Wow, what an incredibly complicated mix of cultures, religions, identities, and beliefs you have described here.. Truly fascinating though. Thanks for the excellent, well-researched content!
Great video! It shows the rich diversity of the region while starting to show just how complex a task drawing borders would have been. On top of religion, tribe & ethnicity one would need to consider: 1. The viability of the proposed state (could it be effectively governed? Access to freshwater/trade? would it be able to defend borders? etc) 2. Who would receive power in the new state? 3. Competing historical claims 4. What the people in any new state want. 5. What other powers would agree to based on their own geopolitical interests.

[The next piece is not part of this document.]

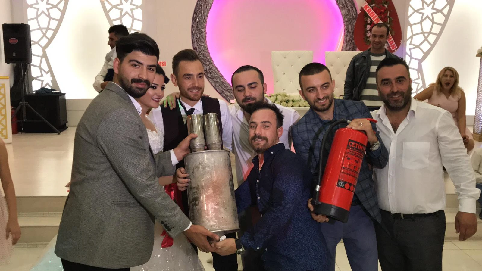 Niğde'de bir düğün salonunda yapılan törenle Sevda Veziroğlu ile Onur Turgut dünya evine girdi. Damadın arkadaşları takı töreni sırasında, davetlilerin şaşkın bakışları altında genç çifte egzoz ve yangın tüpü armağan etti. Damadın arkadaşı ve olayın fikir babası Ömer Yücel, Dinamit Gençlik adı altında gruplarının olduğunu ve grup üyesi 8 arkadaşın birbirlerini çok sevdiğini söyledi. Geçen yıl bir başka arkadaşlarının düğününde de yangın tüpü hediye ettiklerini belirten Yüce, "Farklı ve eğlenceli bir şey ortaya koymak için bunu yaptık. Onur kardeşimiz arabaları çok seviyor. Ona da arabasıyla ilgili olarak egzoz taktık. Yangın tüpü de grubumuzun simgesi haline geldiği için yanında onu da verdik. Kardeşimiz çok sevindi ve çok eğlenceli dakikalar yaşadık. Herkes çok eğlendi. Grubumuzdaki tüm arkadaşlarımız evlenince farklı hediyeler vereceğiz. Kardeşimize bir ömür boyu Dinamit Gençlik grubu olarak mutluluklar diliyoruz" dedi.

There’s a simple solution, create a large Arab state ruled by the Hashemite descendants of the prophet. This was the “obvious” answer and the promise of the British/French to the Arabs. But then the British and French betrayed the Arabs and signed the infamous Sykes-Picot.
@@Handle0108San Reno conference. Sykes-picot was denied by league of nations, never took efect. Peeps avoid san reno cause that would question lebanon, jordan, syria and iraq as much as israel.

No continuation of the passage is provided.